Impact on Investors and the Capital Market
Temi Popoola, Chairman of CSCS, highlighted the broader impact of the T+2 transition. He emphasized that this milestone strengthens investor confidence, deepens liquidity, and positions Nigeria’s market within global standards. The transition is not just an operational achievement but a strategic signal of Nigeria’s commitment to efficiency, transparency, and global competitiveness.
Jalo-Waziri added that the transition enhances competitiveness and investor confidence. He shared a personal anecdote about his son, who finds the current capital market processes too slow compared to online shopping experiences. This story underscores the need for faster, more efficient systems.
Stakeholder Engagement and Risk Management
Jalo-Waziri affirmed that all stakeholders were engaged in the transition process. Extensive testing, process changes, and risk assessments were conducted. The systems are now robust, with a dispute-resolution mechanism in place involving brokers, settlement banks, and custodians.

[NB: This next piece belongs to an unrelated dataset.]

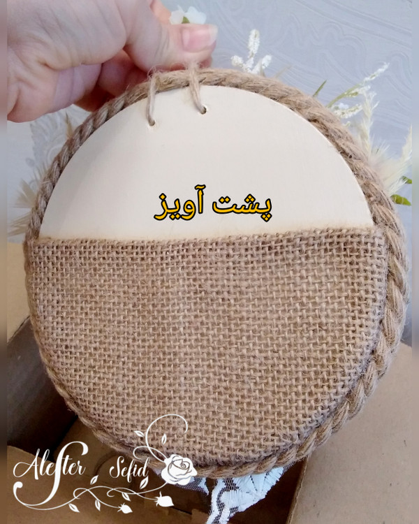 آویز رودری تلفیق گل مصنوعی و قلاب بافی . اجرا شده روی بیس ام دی اف دایره ای به قطر ۱۵ سانت.
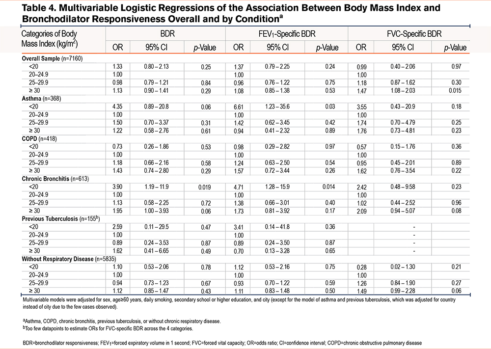 After adjusting for potential confounders, participants with a BMI ≥30kg/m2 had higher odds of FVC-specific BDR (1.47, 95% CI 1.08–2.03), compared to those with BMI 20–24.9kg/m2. In stratified analyses, participants with a BMI <20kg/m2 and asthma (6.61, 1.24–35.6) or chronic bronchitis (4.71, 1.28–15.9) had a higher odds of FEV1-specific BDR. Participants with a BMI <20kg/m2 and chronic bronchitis also had a higher odds of BDR (3.90, 1.19–11.9) (Table 4).

Risk management is a top priority, with post-trade processes now 95 per cent automated. This automation reduces physical interactions and enhances market integrity.
Outlook for the Future
Looking ahead, Jalo-Waziri mentioned that support channels, system-testing environments, and readiness teams will be in place to manage any issues during the transition. For retail investors, T+2 means faster access to funds and a more efficient trading experience.
While celebrating T+2, the prospect of T+1 is on the horizon. With improvements in payment systems, central-bank collaboration, and infrastructure, Nigeria is well-positioned for this next step. If all goes well, T+1 could become a reality as early as May next year.